Similarly, in shock outcomes, HRs were 1.074 (95% CI, 1.046–1.102), 1.324 (95% CI, 1.299–1.349), and 1.435 (1.405–1.465) in the 1.0–2.0, 2.0–3.0, and 3.0–3.5 g/dL groups, respectively, while no association was seen in the 0.0–1.0 g/dL group (HR, 0.990; 95% CI, 0.898–1.091, p = 0.8380).
For heart failure, HRs were 1.093 (95% CI, 1.076–1.110) and 1.148 (1.130–1.167) in the 2.0–3.0 and 3.0–3.5 g/dL groups, respectively, with no significant association below 2.0 g/dL.
Pulmonary edema followed a similar pattern, with significantly elevated HRs in the 1.0–2.0 g/dL (HR, 1.152; 95% CI, 1.108–1.197), 2.0–3.0 g/dL (HR, 1.477; 95% CI, 1.433–1.523), and 3.0–3.5 g/dL groups (HR, 1.477; 95% CI, 1.433–1.523), but not in the 0.0–1.0 g/dL group (HR, 1.479; 95% CI, 1.438–1.520). These results suggest a consistent association between albumin use and adverse outcomes in patients with low albumin levels.

3.3. Sensitivity Outcome

To determine the reliability of the results, sensitivity analysis was performed to assess 30-day mortality by using unadjusted and fully adjusted Cox proportional hazards models after a unified propensity score matching process that incorporated all relevant covariates, including demographics, comorbidities, laboratory data, and medications. The results remained robust and consistent with those of the main analysis, with no significant differences in 30-day mortality observed between the matched groups (Table 2).

4. Discussion

Our study addresses the long-standing controversy regarding the clinical importance of administering albumin to critically ill patients with hypoalbuminemia. In our study, the risk of 30-day mortality was higher in the patients with sepsis with hypoalbuminemia in the albumin infusion group than in the control group. In addition, compared with the control group, the albumin infusion group exhibited increased risks of shock, that is, of septic shock, cardiogenic shock, and hypovolemic shock. Furthermore, the risks of heart failure and pulmonary edema were higher in the albumin group than in the control group.

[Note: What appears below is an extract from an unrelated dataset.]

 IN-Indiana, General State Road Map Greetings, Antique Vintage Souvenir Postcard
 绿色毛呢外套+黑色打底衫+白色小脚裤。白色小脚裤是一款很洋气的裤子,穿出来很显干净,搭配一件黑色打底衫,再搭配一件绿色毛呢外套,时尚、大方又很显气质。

Albumin is a single polypeptide chain. It contributes to plasma colloid oncotic pressure; modulates apoptosis; helps maintain capillary permeability to macromolecules; carries molecules with low water solubility, such as hormones; and reduces inflammatory responses [6,16]. Albumin also has antioxidant, antiplatelet aggregation, and anticoagulant properties [6,17]. In addition, hypoalbuminemia is associated with poor clinical outcomes in acutely ill patients [6,18]. Thus, albumin supplementation is widely used to improve clinical outcomes in patients with critical illness.

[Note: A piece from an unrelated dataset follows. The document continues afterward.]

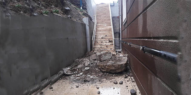 Yağışlarla birlikte, beton ve toprak kümeleri, heyelanın etkisiyle aşağıya yuvarlandı. Yaya geçişi olan bölgedeki bu tür doğa olaylarının can ve mal güvenliğini tehlikeye düşürdüğü kaydedilerek, Defne Belediyesi’nden soruna el atması istendi.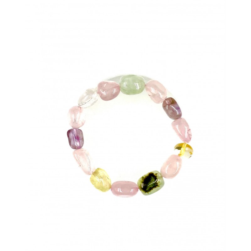 Esta pulseira elástica é feita de diferentes pedras naturais.

A meta-analysis revealed that for every 10 mg/L decrease in the serum albumin concentration, the risk of mortality increased by 137% and that of morbidity increased by 89%, and the lengths of stay in the ICU and hospital were prolonged by 28% and 71%, respectively [19]. The albumin level can also serve as a prognostic marker of hypoalbuminemia; it can reflect levels of physiological stress due to inflammation resulting from disease or trauma [10]. A prospective randomized controlled study reports that giving albumin to critically ill patients with hypoalbuminemia may help support organ function by reducing fluid overload and enhancing tolerance to enteral nutrition [20]. Thus, albumin is commonly used to correct hypoalbuminemia. However, routine administration of albumin may not always be advantageous for treating hypoalbuminemia. According to current evidence, albumin supplementation should be employed only in specific scenarios [6,18], such as spontaneous bacterial peritonitis, hepatorenal syndrome, large-volume paracentesis, uncomplicated grade 2 and 3 ascites, severe acute pancreatitis, and Coronavirus Disease 2019 (COVID-19) infection [5,21,22,23,24,25].

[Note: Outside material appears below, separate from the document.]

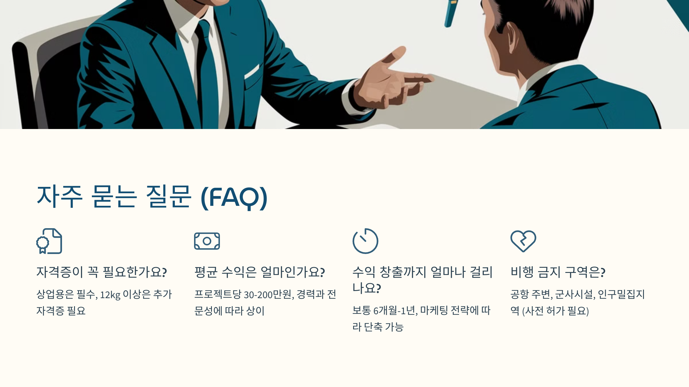 초기 비용을 줄이려면 **렌탈 장비 활용, 중고 드론 구매, 개인 영업 위주 운영**을 고려할 수 있어요. 💡
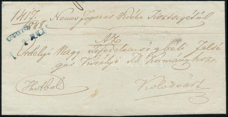 Description: 1848 Ex offo levél kék negatív "FOGARAS" bélyegzéssel Kolozsvárra. Ritkán látható ilyen minőségben!/ Ex offo cover with blue negative postmark to Kolozsvár. Rarely seen in such good condition! (Müller 850 p)

Albumin administration may lead to increased mortality rates in hypovolemia, hypoproteinemia, and hypoalbuminemia [26,27]. Also, the SAFE study found that albumin and saline produced similar outcomes when used for fluid resuscitation in ICU patients [28]. In addition, albumin infusion did not lead to a reduction in fluid requirements, infection rate, or mortality in the ICU [10]. A cohort study reported on the adverse effects of albumin supplementation in hypoalbuminemia, including traumatic brain injury related to intracranial pressure [29]. In a meta-analysis of cohort studies, the treatment of hypoalbuminemia through albumin administration did not lead to an overall reduction in morbidity [19]. Administering human albumin might exacerbate the condition of critically ill patients through several mechanisms [27]. Several pathophysiological mechanisms have been proposed to explain these adverse effects. First, rapid volume replacement with albumin may lead to cardiac decompensation due to increased volume retention [27]. Second, in patients with increased capillary permeability or capillary leak syndrome, albumin administration may exacerbate or cause pulmonary edema as a result of albumin and water crossing the capillary membrane, which may compromise tissue oxygenation and result in multiorgan failure [30]. Finally, the antihemostatic and platelet-lowering properties of albumin may increase the volume of blood loss in patients after surgery or those with trauma [31]. These mechanisms may explain the main finding of our study.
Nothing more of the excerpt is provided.